Byron Darby

No. 94, 72
- Position: Defensive end

Personal information
- Born: June 4, 1960 (age 66) Los Angeles, California, U.S.
- Listed height: 6 ft 4 in (1.93 m)
- Listed weight: 260 lb (118 kg)

Career information
- High school: Inglewood (Inglewood, California)
- College: USC
- NFL draft: 1983: 5th round, 120th overall pick

Career history
- Philadelphia Eagles (1983–1986); Indianapolis Colts (1987–1988); Los Angeles Rams (1989)*; Detroit Lions (1989);
- * Offseason or practice squad member only

Career NFL statistics
- Sacks: 13.5
- Stats at Pro Football Reference

= Byron Darby =

American football player (born 1960)

Byron Keith Darby (born June 4, 1960) is an American former professional football player who was a defensive end and tight End in the National Football League (NFL).

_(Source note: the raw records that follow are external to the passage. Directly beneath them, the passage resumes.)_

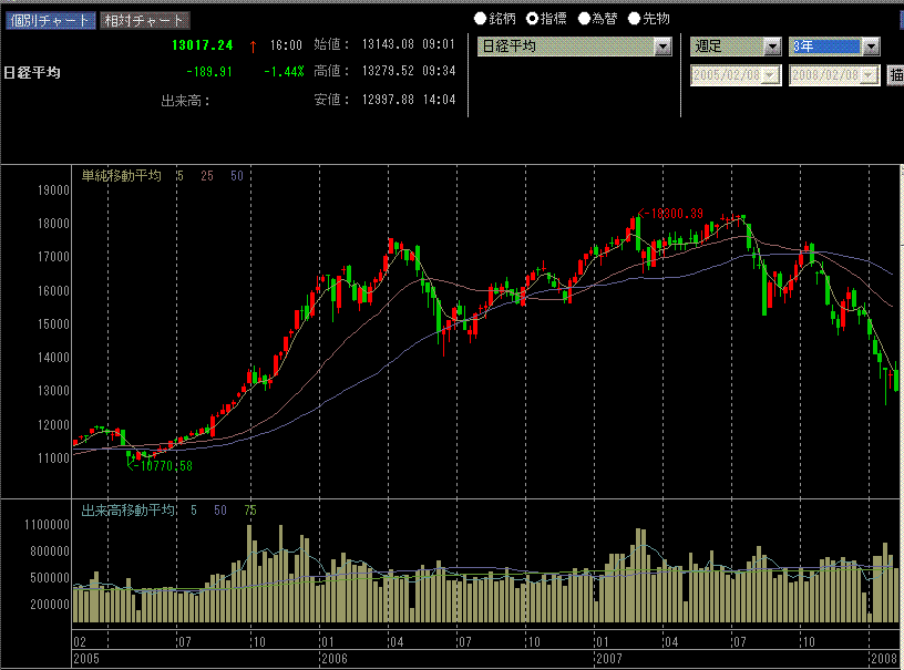 今日は日経平均オプション2月限のSQでした。SQ値は、13,089.98円。朝方発表された12月機械受注が予想を下回ったことから、日経平均はCME終値よりも安く寄り付きました。その後13280円あたりまで戻すも、3連休を控えていることもあり売りに押されていきました。午後からは、東証のシステム障害によりTOPIX先物の売買が停止。相場をさらに冷やした感じです。ちなみにTOPIX先物は東証で、日経平均先物は大証で取引されます。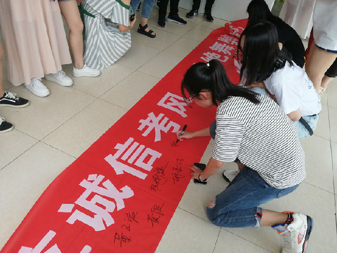 最后,主持人带领同学们在本部教学楼大厅进行了诚信应考的签字活动,同学们踊跃上前,签署自己的名字,同学们对于诚信应考的认同感非常强烈。青年大学生就应该谨遵诚信原则,以实际行动来展现当代大学生的良好风尚,树立文明考风,为建设优良校园氛围贡献自己的一份力!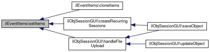 Here is the caller graph for this function:| ilEventItems::setItems | ( | array | $a_items | ) |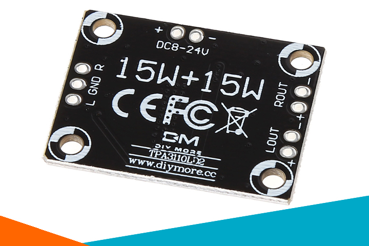 Module khuyếch đại âm thanh sử dụng chip TPA3110 hoạt động ổn định, bass mạnh với thiết kể nhỏ gọn và đơn giản module sử dụng và lắp đặt rất dễ dàng. Module Khuyếch Đại Âm Thanh TPA3110 cho ngõ ra 2 kênh mỗi kênh công suất 15W sử dụng loa 4-8Ω. Module được thiết kế với các tín hiệu ngõ vào, ngõ ra và ngõ cấp nguồn được để trống các chân pad phù hợp sử dụng tích hợp cho các bộ âm thanh mini và vừa phải.

He played college football for the USC Trojans. In the 1983 NFL draft, he was selected by the Philadelphia Eagles in the fifth round. Playing for the Eagles for four years, he was released from his contract in 1987.

That year he signed with the Indianapolis Colts as a free agent, and in 1989 signed with Los Angeles Rams.